This morning, my good friend Catherine and I drove up to the mountains to get a hike in. I had an expectation in my head that we were going to make it all the way to the last lake. Last year, due to altitude sickness, I had to turn around just before the last lake.
This time, I had my doctor prescribe me medicine to help with the altitude. The medicine has side effects that feel like altitude sickness. I get dizzy and have a headache. But usually after the first dose, that doesn’t happen any longer.
Catherine and I started the gentle rolling trail and I was already struggling. I didn’t understand why this easy part of the trail was so difficult. It felt like I couldn’t breathe. And yes, we were high up but not high enough for me to feel like I couldn’t catch my breathe. I kept pushing through and stopping when I needed. I was in my head and already yelling at myself to pull it together and get up the mountain!
The more we climbed, the worse I began to feel. I was fatigued. I had a headache coming on. My heartrate stayed high. All I could think about was forging ahead to get to the last lake. I was determined to make it no matter what. It’s important to note that by this time, Catherine had already mentioned twice that it’s ok to turn around and head back. I refused.
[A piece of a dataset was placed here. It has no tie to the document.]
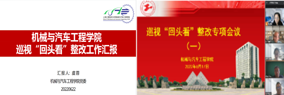 机械与汽车工程学院党委高度重视巡视“回头看”整改落实工作,严格按照巡视反馈报告要求,坚持做到“四个融入”,切实将巡视整改作为带动全员转变思想观念,推动学院治理体系优化与完善的有效抓手,确保巡视反馈意见全面整改落实,持续推进学院发展瓶颈问题的解决,努力促进学院科学、健康、可持续发展。

I grew up in a culture of “no pain, no gain”. If I could push past the pain, it made me a better athlete, so I thought. This carried over into my eating disorder and allowed me to be sick for so long. I would dissociate from my body. I felt nothing. I didn’t feel pain while moving my body, I didn’t feel hungry, and I wasn’t aware of the harm I was doing to my body. Over the years, I’ve gotten better at listening to my body. But, movement is still an area where that is tough to do.
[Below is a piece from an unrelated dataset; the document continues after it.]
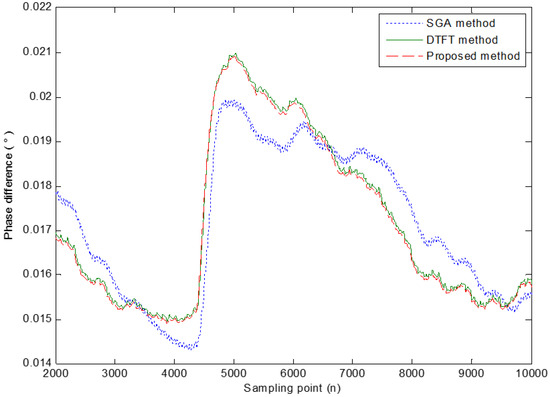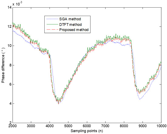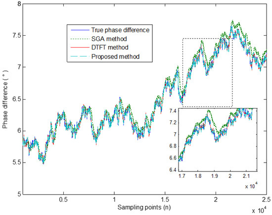 It can be seen from Equation (20) that the proposed method can obtain high phase difference precision, whether the signal frequency is known or not. In addition, even if the signal amplitude is unknown and the number of sampling data points is anon-integer period number, the proposed method shows no bias. This is the advantage of the proposed method in this paper.

Listening to what my body is telling me is hard. Stopping or turning around when I’m hurting or not feeling well, is something I still struggle with today. On our hike, I kept pushing myself, even when the dizziness set in. Eventually, Catherine said, “You need to listen to your body. I don’t care if we turn around.” I started to realize that we were only going to go higher and higher and I wasn’t going to be able to make it due to feeling so lousy.
I decided to trust Catherine’s advice and listen to my body. We turned around.
My body was telling me, based on my symptoms, that today isn’t the day we are hiking all the way to the last lake. I tried to be grateful for the beauty around me that I was able to see. We snapped a few pics and I was able to muster up a smile. In that moment, I was happy we turned around. I ended up with a massive headache and dizziness. I came home and went right to bed. I slept for 2.5 hours and now I’m feeling a bit better.
I’m still learning what it means to listen to my body and back down if I need to. Recovery continues to be a learning and growing process.